Лежат. Смотрят в потолок. Ая просит:

— Расскажи про бабушку. Которая меня не дождалась.

— Она хотела. Но у нее не получилось.

Рассказывает:

— Мы учились в одном классе. Она сидела за первой партой, я — за второй и макал кончик ее косички в чернильницу. Бабушка возвращалась из школы, родители ахали, отрезали запачканный хвостик, а я ждал, пока косичка отрастет, снова обмакивал в чернила.

— У меня тоже косичка… — вздыхает Ая и тут же засыпает, утомившись от впечатлений.

Всё было, конечно, не так. В школах раздельного обучения девочки не попадались, но Ая запомнит эту историю, перескажет своим детям — образ бабушки с косичкой, перепачканной чернилами, и дедушки-озорника продержится пару поколений.

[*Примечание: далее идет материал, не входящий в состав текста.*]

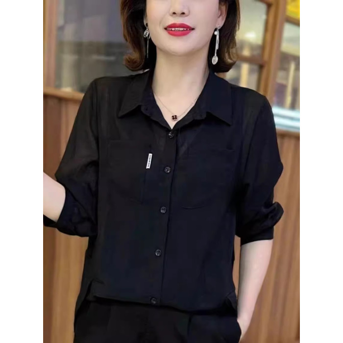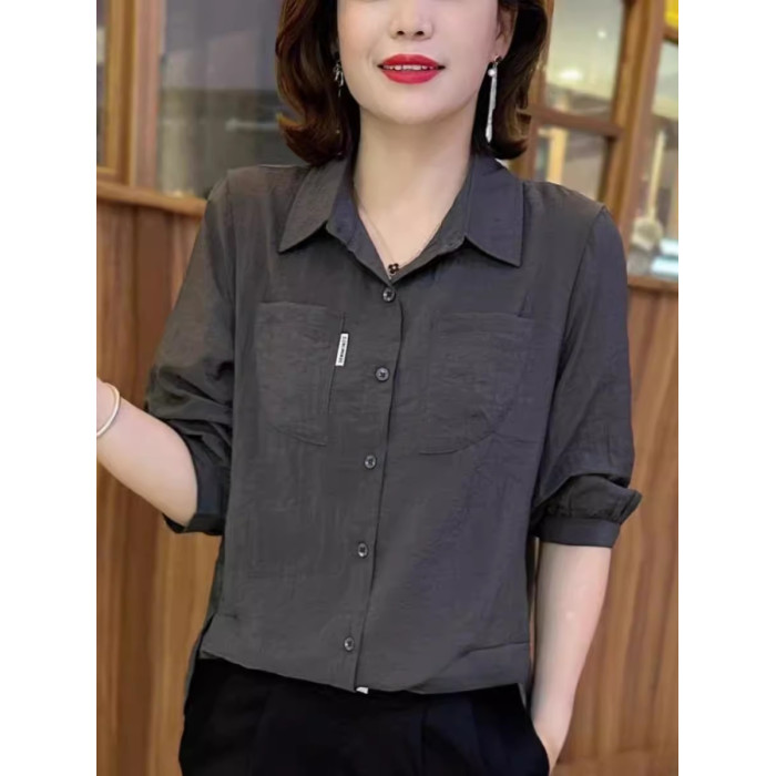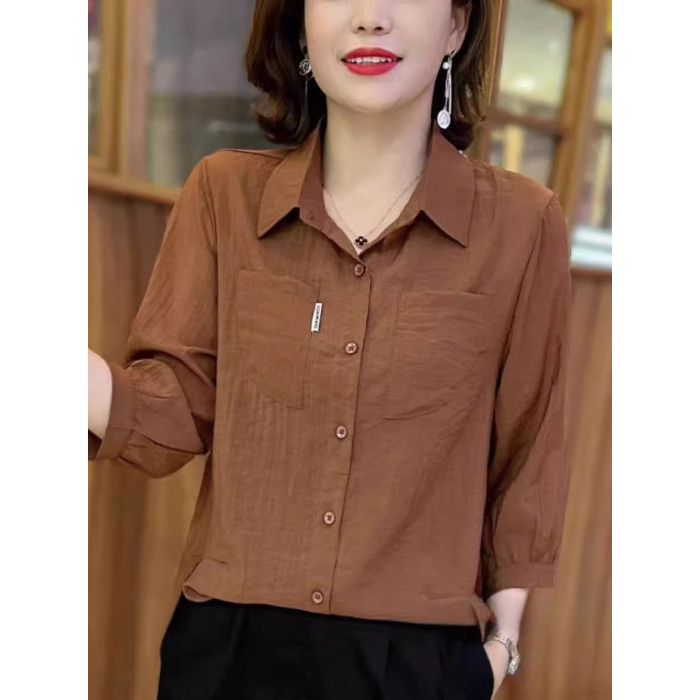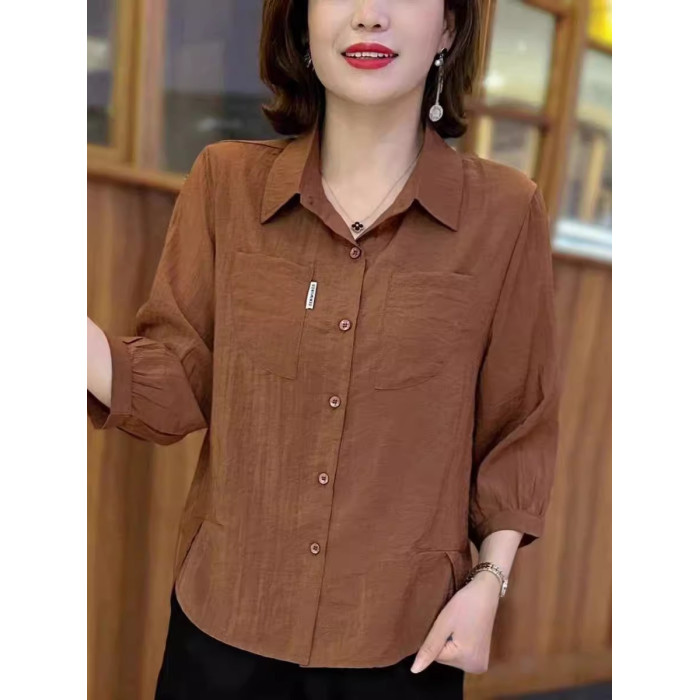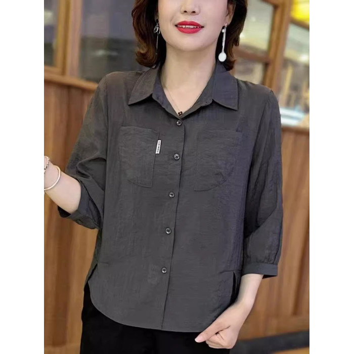夏季薄款天絲棉半袖襯衫女2025新款中年媽媽裝POLO領純色休閒上衣

В выходные дни Финкель просыпался позднее обычного, потягивался в блаженстве, слушая шевеления на кухне, просил: «Посиди со мной…» Клал руку на колено, ощущая дуновение ее духов, теплоту округлости, — где то колено? куда подевалось? кому они мешали? Не вселенской же зависти, которую не избыть… Бледное лицо, опрокинутое навзничь, вопрошающие взгляды, волосы отросли ежиком после безжалостной терапии — такая желанная, уже недоступная. Приходила служительница, веселая, румяная, присадистая, подхватывала пушинкой, усаживала в кресло возле кровати, а вокруг шприцы, капельницы, кислородные трубки, вены на руках исколоты иголками. Целовал глаза, сухие, бесслезные, полные мольбы и скорби: «Удержи меня, Финкель!..» Бежал под дождем к больничному корпусу, упрашивал в голос: «Не забирай ее! Не забирай!..» А дождик лил прямыми струйками, как через ситечко, каплями-слезками стекал по лицу.

Она объявлялась поначалу — отсветом во снах, в очертаниях и теплоте тела, потревожив и вновь опечалив; садилась рядом, даже ложилась головой на его плечо, томила близостью, но затем стала отдаляться, не обретая четкого облика, освобождая от своего присутствия, словно отвлекали ее иные обязанности, отвлекали и увлекали туда, откуда нет и не будет возврата. Никто не дышит возле него, только запах ее одежд в шкафу, зубная щетка в ванной комнате, бутылка воды с соломинкой — последний ее глоток, плач по лунному календарю, плач по солнечному…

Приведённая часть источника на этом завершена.